However, populist politics is driving wedges into countries and forcing these internal nations into the arms of the European community. Austerity measures are being felt by the poorest and the poorest have been out in force opposing them, in Britain, in Spain, in Greece and in France. The governing parties where comprehensively rejected in Scotland, with independentists the preferred choice.

Between the stringent economic policies of nation-states and the possibilities for a small national community as a sovereign state within Europe, it is unsurprising that separatism is making strides. The European Union's sheer size offers a broad jurisdiction within which financial regulation can act, that has struggled to be effective and been unsatisfying to the public in states such as the UK. When combined with localised self-governance it can be seen that the EU has the potential to offer self-determination as well as solidarity to members.

So what are nation-states to do?
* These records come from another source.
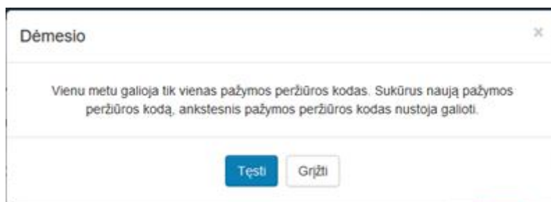
2 paveikslas. Pasirinkti tęsti veiksmą

Sistema sugeneruoja naują pažymos peržiūros e. sveikatos portale kodą, kuris rodomas atnaujintame medicininės pažymos peržiūros lange.
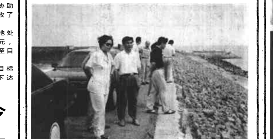
省地矿厅厅长徐日鹏带领省矿业秩序检查组来我市指导工作。
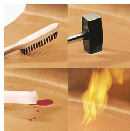
Sitz und Rücken melaminharzbeschichtet: kratz-, bruch-, stoßfest & schwer entflammbar
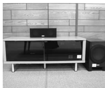
BDレコーダーとスピーカー一式

It seems that:
+ Firstly, nation-states need to find an effective means of enforcing regulations and the ensuing penalties on globalised institutions, such as big business & high finance; all that within their extremely limited jurisdictions.
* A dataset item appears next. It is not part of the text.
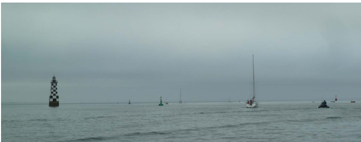
La météo peu engageante au départ de Loctudy

+ And secondly they need to find a way to answer calls for greater local involvement in the running of countries, in order to manage the localised calls for sovereignty are an expression of a wish for greater powers of self-determination.
If nation-states are going to compete with the advantages that the European Union could be able to offer in time, for local self-determination & a jurisdiction wide enough to enforce regulations; they need to start making their case now.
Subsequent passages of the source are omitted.